Berlin. Exakt ein Jahr nach dem Beschluß des Bundestages, das Reichstagsgebäude wieder dauerhaft für Plenarsitzungen zu nutzen, bietet sich für den trutzigen und unfunktionalen Bau am Platz der Republik die Chance, ein vielleicht anderes Gesicht und Innenleben zu erhalten.

Der »Wettbewerb zum Umbau des Reichstags zum Deutschen Bundestag sollte dem denkmalgeschützten Gebäude von Paul Wallot aus dem Jahre 1894 ein neues Aussehen geben«, sagte Günter Schäffel, Leiter der Abteilung Bauwesen im Bonner Bauministerium bei der gestrigen Vorstellung des Auslobungstextes. Von den Entwürfen für die Umgestaltung werde erwartet, daß ihr Umgang mit dem historischen Bauwerk nicht von »ängstlicher Vorsicht« oder »engem Restaurierungsbemühen« geprägt sei. Im Vordergrund für das 17.000 Quadratmeter Nutzfläche fassende Haus im Mittelpunkt des Regierungsviertels stehe vielmehr die Herstellung der Funktionsfähigkeit für ein modernes Arbeitsparlament. Weder Wallots historisches Bauwerk noch Paul Baugartens Sanierung in den sechziger Jahren — nach den Zerstörungen durch den Reichstagsbrand 1933 und den Zweiten Weltkrieg — genügten diesen Ansprüchen, meinte Schäffel.

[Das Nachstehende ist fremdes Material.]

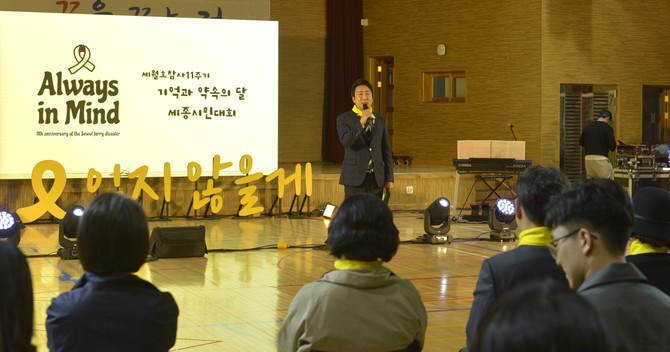 임채성 의장이 16일 세월호 세종시민대회 참석해 생존자와 유가족들에게 깊은 위로를 전했다. ⓒ 의회사무국
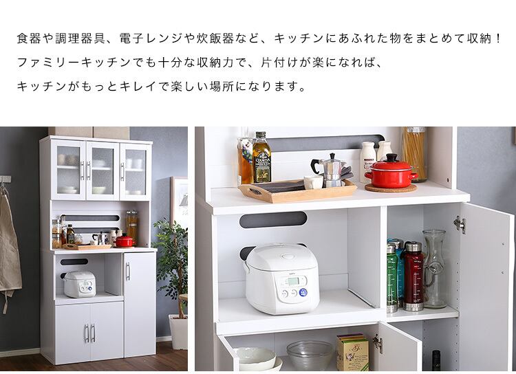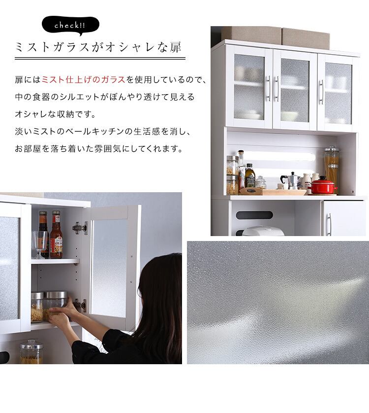 ・キッチン用品をたっぷり収納できる収納力抜群の食器棚!・高さ調整のできるガラス扉付き食器収納!

Für die Umbaumaßnahmen im Innern liegt der Auslobung ein »Prioritätenkatalog« bei: Der Reichstag muß einen neuen Plenarsaal für rund 670 Abgeordnete erhalten. Ebenso benötigt er ein anderes Raum- und Funktionsprogramm. In erster Linie wird es darauf ankommen, ein besseres Erschließungsystem zu entwerfen sowie Räume für die Fraktionen und Säle für Kommissionen und Ausschüsse, den Bundesrat und die parlamentarischen Dienste zu planen. Hinzu kommen neue Bereiche für die Medien- und Kommunikationstechniken. Das Raumprogramm des Deutschen Bundestages ist insgesamt so bemessen, daß es um ein Vielfaches die Möglichkeiten des Reichstagsgebäudes überschreitet. Deshalb wird es nötig sein, eine Reihe von Räumen in andere Gebäude des geplanten Regierungsviertels zu verlegen. Interessant in diesem Zusammenhang ist der Hinweis, daß in der Ausschreibung Lösungen gesucht werden für Nutzungen des Hauses an Tagen, wo keine Plenardebatten stattfinden. Die Auslobung: »Im Entwurf soll Transparenz, Kommunikation und Bürgernähe zum Ausdruck kommen. Es ist darauf zu achten, daß das Reichstagsgebäude von allen Seiten offen und zugänglich bleibt.« Sicherheitsansprüche ade?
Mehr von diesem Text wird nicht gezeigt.